> _Assignment_: Given the records below, would you repeat exactly the lines that begin at the one containing "2月27日訊 利物浦俱樂(l" and end at the one containing "Scales on the", inclusive?

> _Extracted material_:
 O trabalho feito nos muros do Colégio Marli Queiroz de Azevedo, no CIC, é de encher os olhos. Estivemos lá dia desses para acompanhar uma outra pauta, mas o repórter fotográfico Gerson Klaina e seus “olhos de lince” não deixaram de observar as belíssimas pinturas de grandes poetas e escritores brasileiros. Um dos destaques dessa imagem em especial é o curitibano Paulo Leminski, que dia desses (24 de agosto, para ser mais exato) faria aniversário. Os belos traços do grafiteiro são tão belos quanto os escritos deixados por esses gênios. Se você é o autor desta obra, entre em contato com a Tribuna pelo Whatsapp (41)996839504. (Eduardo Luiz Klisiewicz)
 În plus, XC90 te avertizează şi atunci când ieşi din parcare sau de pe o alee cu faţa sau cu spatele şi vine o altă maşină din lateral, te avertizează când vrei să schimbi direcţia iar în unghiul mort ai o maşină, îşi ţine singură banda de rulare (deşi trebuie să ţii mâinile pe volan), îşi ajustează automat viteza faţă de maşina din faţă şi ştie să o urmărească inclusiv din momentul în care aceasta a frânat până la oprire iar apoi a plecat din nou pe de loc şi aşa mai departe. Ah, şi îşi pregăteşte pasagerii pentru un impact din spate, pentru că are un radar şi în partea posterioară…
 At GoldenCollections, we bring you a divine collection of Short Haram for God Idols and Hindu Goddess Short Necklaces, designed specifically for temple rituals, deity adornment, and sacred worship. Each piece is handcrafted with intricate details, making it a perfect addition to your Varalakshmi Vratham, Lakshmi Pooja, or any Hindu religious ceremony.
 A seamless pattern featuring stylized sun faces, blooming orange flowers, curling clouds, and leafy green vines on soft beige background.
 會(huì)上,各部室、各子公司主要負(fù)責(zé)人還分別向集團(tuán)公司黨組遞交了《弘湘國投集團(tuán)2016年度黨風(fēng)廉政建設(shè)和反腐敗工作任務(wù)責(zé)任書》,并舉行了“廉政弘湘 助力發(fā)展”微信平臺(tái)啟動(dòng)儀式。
--
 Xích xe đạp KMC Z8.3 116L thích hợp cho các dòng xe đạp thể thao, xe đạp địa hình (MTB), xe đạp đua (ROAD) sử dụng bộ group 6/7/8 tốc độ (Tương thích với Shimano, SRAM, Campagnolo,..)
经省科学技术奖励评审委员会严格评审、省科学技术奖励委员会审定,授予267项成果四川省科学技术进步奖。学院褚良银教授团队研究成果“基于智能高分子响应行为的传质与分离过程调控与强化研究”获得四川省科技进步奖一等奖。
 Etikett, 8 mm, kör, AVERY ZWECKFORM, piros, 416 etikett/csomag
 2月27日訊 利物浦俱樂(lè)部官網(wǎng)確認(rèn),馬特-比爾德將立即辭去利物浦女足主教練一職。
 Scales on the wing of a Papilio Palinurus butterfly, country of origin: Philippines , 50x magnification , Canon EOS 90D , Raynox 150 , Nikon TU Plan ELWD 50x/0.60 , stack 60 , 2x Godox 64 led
--
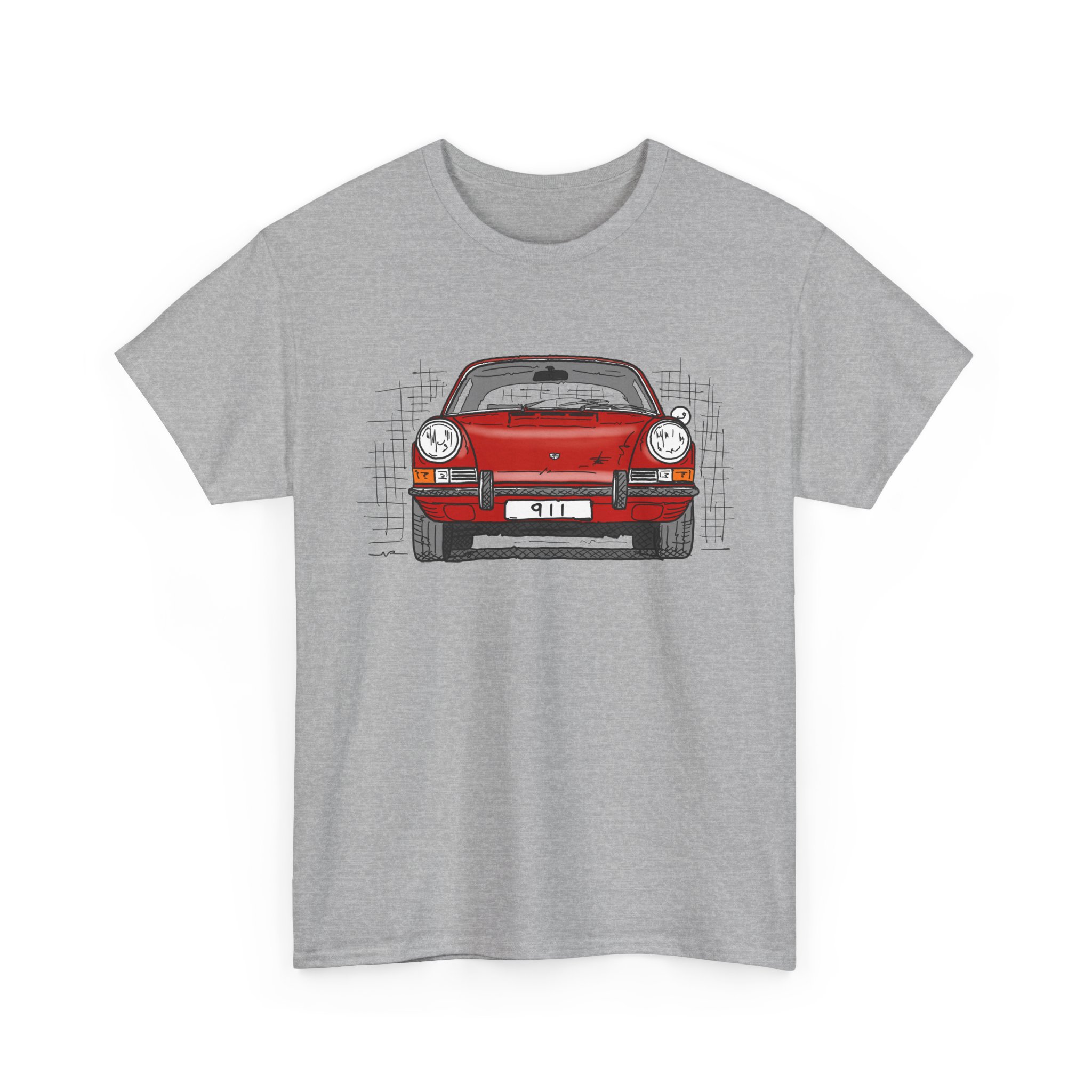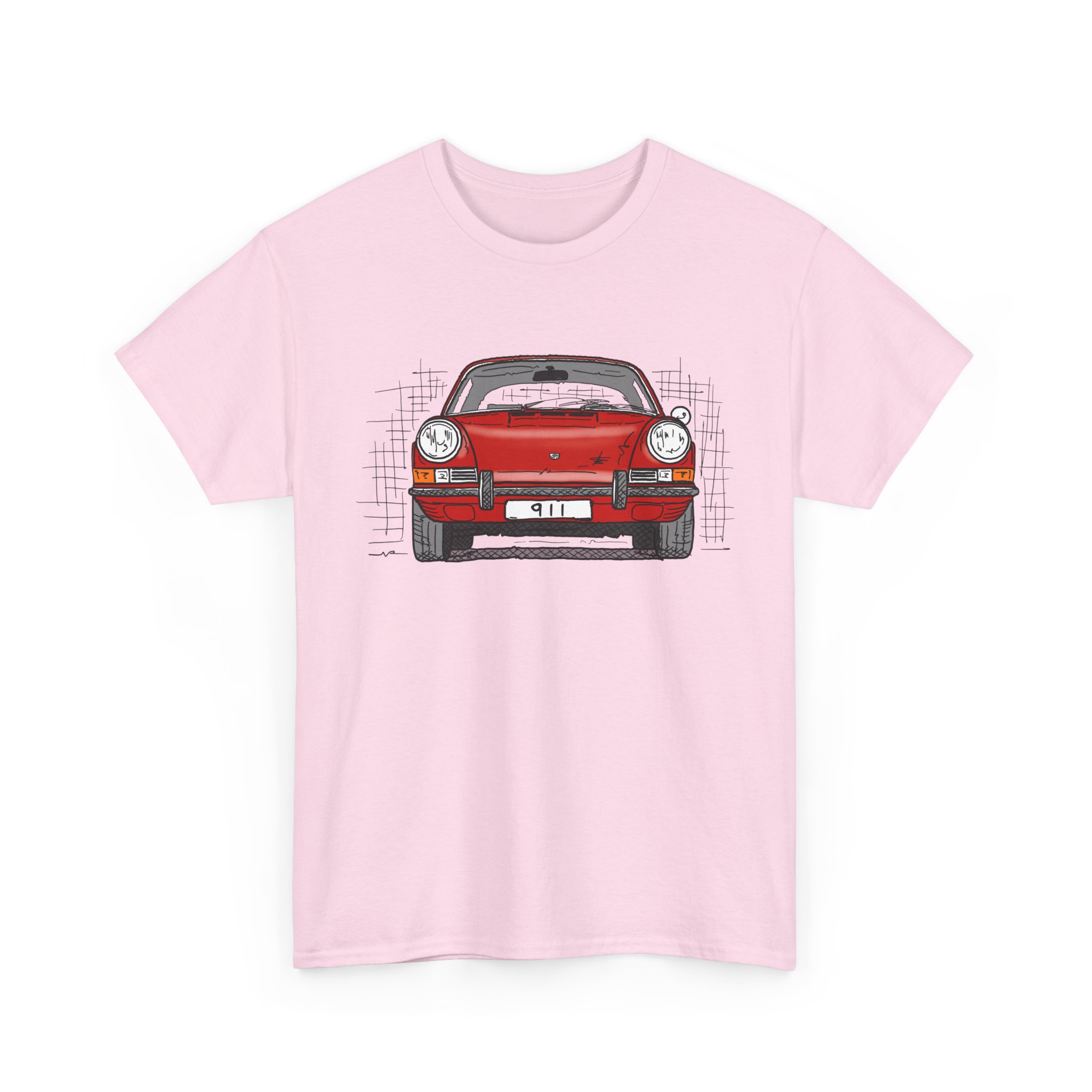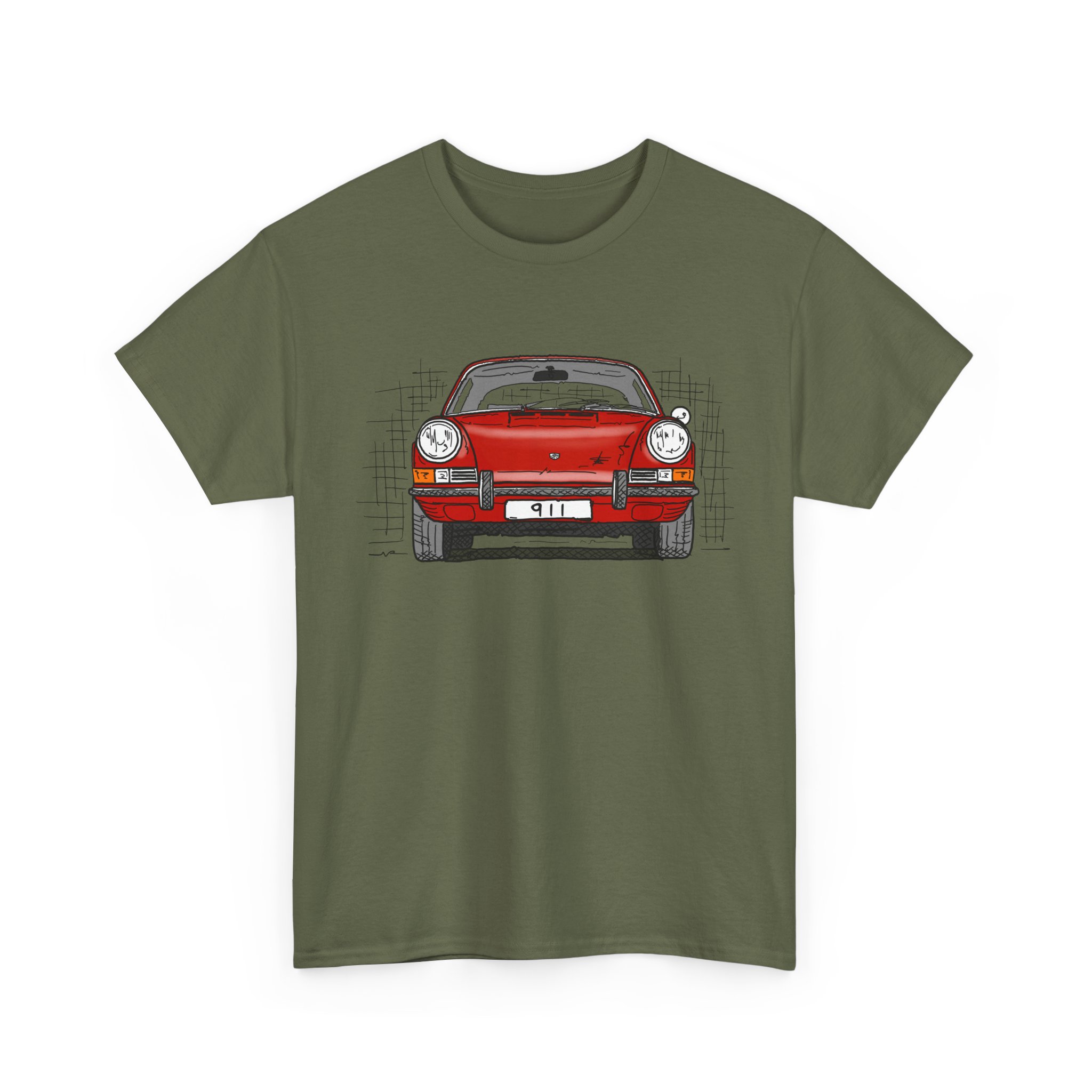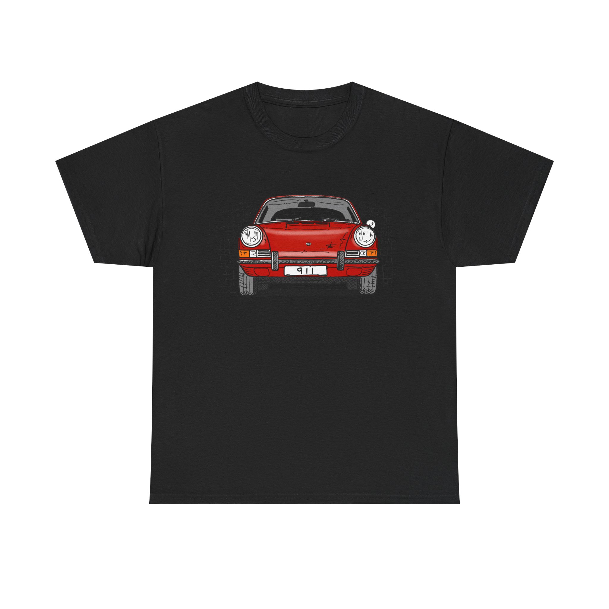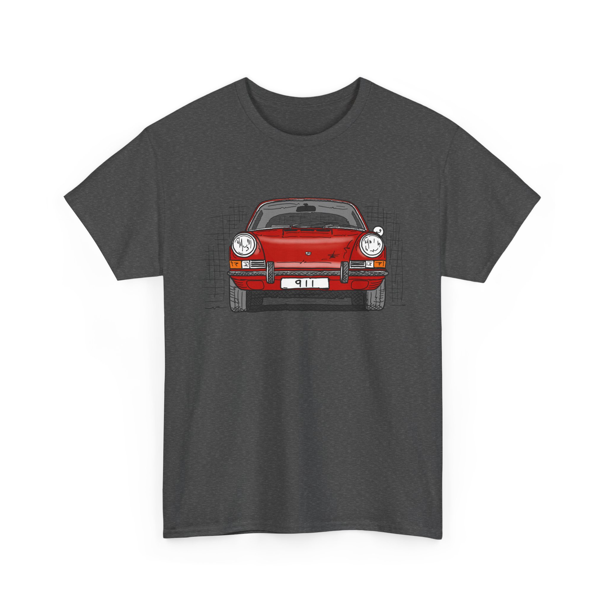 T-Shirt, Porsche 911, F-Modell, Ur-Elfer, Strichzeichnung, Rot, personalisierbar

> _Result_:
 2月27日訊 利物浦俱樂(lè)部官網(wǎng)確認(rèn),馬特-比爾德將立即辭去利物浦女足主教練一職。
 Scales on the wing of a Papilio Palinurus butterfly, country of origin: Philippines , 50x magnification , Canon EOS 90D , Raynox 150 , Nikon TU Plan ELWD 50x/0.60 , stack 60 , 2x Godox 64 led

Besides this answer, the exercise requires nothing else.